State-backed Lloyds Banking Group is reportedly about to be hit with a record fine of more than £100 million for mishandling complaints linked to the mis-selling of payment protection insurance (PPI).
Lloyds is expected to be given the penalty as soon as today following an investigation by the Financial Conduct Authority (FCA), Sky News reported. Neither the FCA nor Lloyds would comment.
The PPI scandal has dogged the banking sector in recent years and in particular Lloyds, which has had to set aside £12 billion to pay for a compensation programme, out of a running total of around £24 billion for all major banks.
Lloyds said in February that it had decided to freeze the release of shares that were part of deferred bonus awards for 2012 and 2013 until the conclusion of the FCA's previously-disclosed investigation into PPI complaint handling.
This related to bonuses for all members of its group executive committee and some other senior executives
The new penalty comes after Clydesdale Bank was fined £20.7 million by the FCA in April after it found serious failings that meant thousands of PPI complaints might have been rejected unfairly.
That fine was at the time the largest imposed by the authority for failings related to PPI, but will be surpassed by the new penalty for Lloyds.
It comes days after the Government fired the starting gun on a £4 billion "Tell Sid" style share sale to be launched within the next 12 months as it seeks to sell off more of the taxpayer stake in the business.

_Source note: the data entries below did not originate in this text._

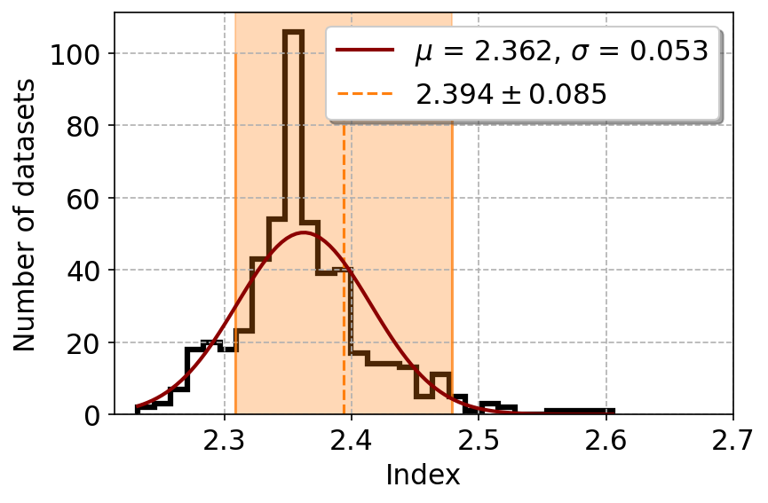 Distribution of the best-fit values of the spectral index for HESS J1813-178B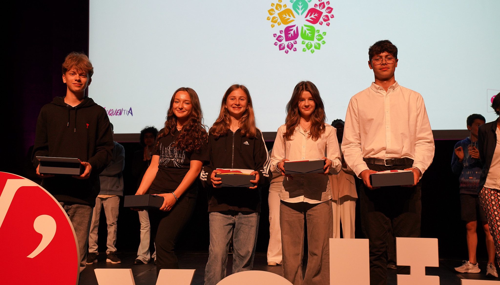 Depuis plusieurs mois, 13 classes de 3ᵉ issues de 13 collèges répartis sur l’ensemble du territoire se sont préparées à cet exercice. Accompagnés par les professionnels de l’association Eloquentia, les élèves ont appris à structurer leur discours, à travailler leur posture et à gérer leurs émotions. Dès l’ouverture, la salle du Théâtre Coluche a été portée par l’enthousiasme de Sofia et Mélina, deux membres d’Eloquentia chargées d’animer la matinée. Dynamiques et complices avec le public, elles n’ont pas hésité à mettre l’ambiance dans la salle pour encourager les collégiens.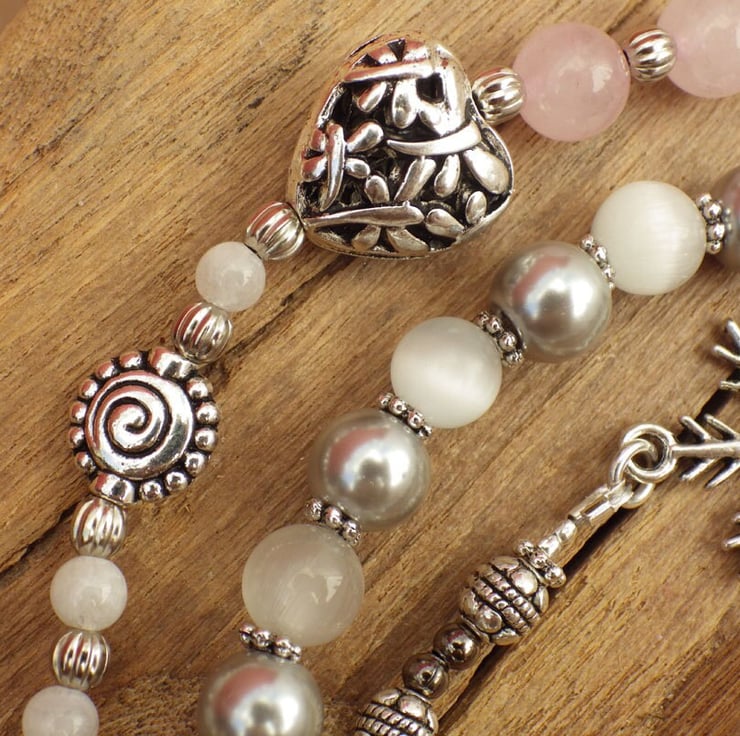 I've chosen rose quartz as a stone of unconditional love and infinite peace, and cat's eye as a grounding stone and to bring confidence, happiness, serenity and good luck.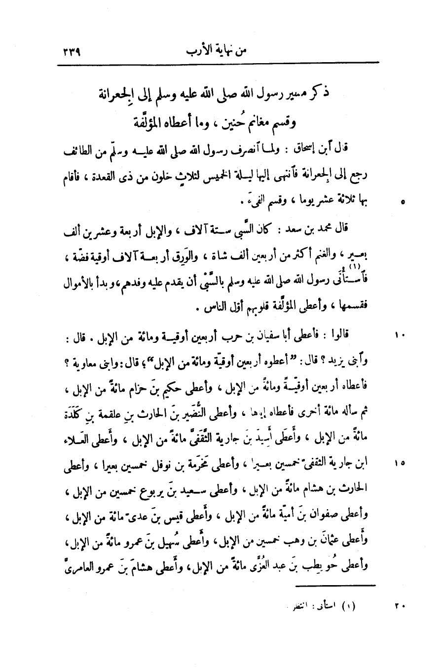 ذكر مسير رسول الله صلّى الله عليه وسلّم إلى الجعرانة وقسم مغانم حنين، وما أعطاه المؤلّفة

Lloyds was rescued by the taxpayer at the height of the financial crisis, but the Treasury's holding has since been shrunk from 43% to just under 19% as parcels of it have been disposed of on the stock market.
Last month, Lloyds reported a better-than-expected 21% rise in underlying profits to £2.18 billion for the first quarter as it said it benefited from the improving economy.
It partly benefited from not adding any further charges to its multi-billion pound bill to cover the PPI scandal in the first quarter, though it would not rule out more in the future.
The latest fine for Lloyds will come after it was hit with penalties last July totalling £218 million by the FCA and US regulators over benchmark rate-rigging practices.
These included an attempt to rip off the Bank of England over its financial life support scheme, behaviour described as "highly reprehensible" by Bank governor Mark Carney.
In December 2013, Lloyds was fined £28 million over incentive schemes that rewarded staff with "champagne bonuses" and put advisers under pressure to hit sales targets or face demotion.